[Numpy-discussion] Release of Pyclimate0.0

Jon Saenz jsaenz at wm.lc.ehu.es
Tue Mar 28 04:46:17 CST 2000


<P><A HREF="http://lcdx00.wm.lc.ehu.es/~jsaenz/pyclimate">Pyclimate 0.0</A> - Climate variability analysis using Numeric Python (28-Mar-00)

					Tuesday, 03/28/2000
Hello, all.

We are making the first announce of a pre-alpha release (version 0.0) of 
our package pyclimate, which presents some tools used for climate 
variability analysis and which make extensive use of Numerical Python.
It is released under the GNU Public License.

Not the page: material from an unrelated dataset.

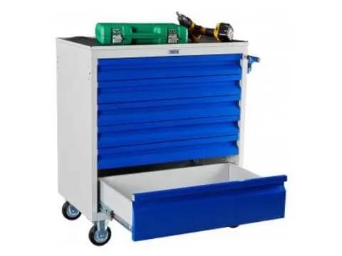 Предназначены для хранения и оперативного перемещения инструмента на производственных предприятиях, в автосервисах и ремонтных мастерских. Телескопические направляющие выдвижных ящиков, система полного выдвижения ящиков.Нагрузка на малый ящик 15 кг, на большой ящик 30 кг, и крышку тележки 40 кг

We call them a pre-alpha release. Even though the routines are
quite debugged, they are yet growing and we are thinking in making
a stable release shortly after receiving some feedback from users.

The package contains:
IO functions
------------
-ASCII files (simple, but useful)
-ncstruct.py: netCDF structure copier. From a COARDS compliant netCDF
              file, this module creates a COARDS compliant file, 
	      copying the needed attributes, dimensions, 
	      auxiliary variables, comments, and so on in 
	      one call.

Time handling routines
----------------------
* JDTime.py -> Some C/Python functions to convert from date to Scaliger's 
	       Julian Day and from Julian Day to date. We are not trying to 
	       replace mxDate, but addressing a different problem. 
	       In particular, this module contains a routine
	       especially suited to handling monthly time steps
	       for climatological use.
* JDTimeHandler.py -> Python module which parses the units
                      attribute of the time variable in a COARDS
		      file and which offsets and scales adequately
		      the time values to read/save date fields.

Interface to DCDFLIB.C
----------------------
A C/Python interface to the free DCDFLIB.C library is provided. This library 
allows direct and inverse computations of parameters for several 
probability distribution functions like Chi^2, normal, binomial, F,
noncentral F, and many many more.

EOF analysis
------------
Empirical Orthogonal Function analysis based on the SVD decomposition of 
the data matrix and related functions to test the reliability/degeneracy
of eigenvalues (truncation rules). Monte Carlo test of the stability 
of eigenvectors to temporal subsampling.

SVD decomposition
-----------------
SVD decomposition of the correlation matrix of two datasets, functions
to compute the expansion coefficients, the squared cumulative covariance 
fraction and the homogeneous and heterogeneous correlation maps.
Monte Carlo test of the stability of singular vectors to temporal
subsampling.

Multivariate digital filter
---------------------------
Multivariate digital filter (high and low pass) based on the 
Kolmogorov-Zurbenko filter

Differential operators on the sphere
------------------------------------
Some classes to compute differential operators (gradient and divergence)
on a regular latitude/longitude grid.

PREREQUISITES
=============
To be able to use it, you will need:
   1. Python ;-)
   2. netCDF library 3.4 or later
   3. Scientific Python, by Konrad Hinsen
   4. DCDFLIB.C version 1.1

IF AND ONLY IF you really want to change the C code (JDTime.[hc] and 
pycdf.[hc]), then, you will also need SWIG.

COMPILATION
===========
There is no a automatic compilation/installation procedure, but the 
Makefile is quite straightforward.
After manually editing the Makefile for different platforms, the commands
  make
  make test -> Runs a (not infalible) regression test
  make install
will do it.
SORRY, we don't use it under Windows, only UNIX. Volunteers
that generate a Windows installation file would be appreciated, but we
will not do it.

DOCUMENTATION
=============
LaTeX, Postscript and PDF versions of the manual are included in the
distribution. However, we are preparing a new set of documentation
according to PSA rules.

AVAILABILITY
============
http://lcdx00.wm.lc.ehu.es/~jsaenz/pyclimate (Europe)
http://pyclimate.zubi.net/   (USA)
http://starship.python.net/crew/~jsaenz  (USA)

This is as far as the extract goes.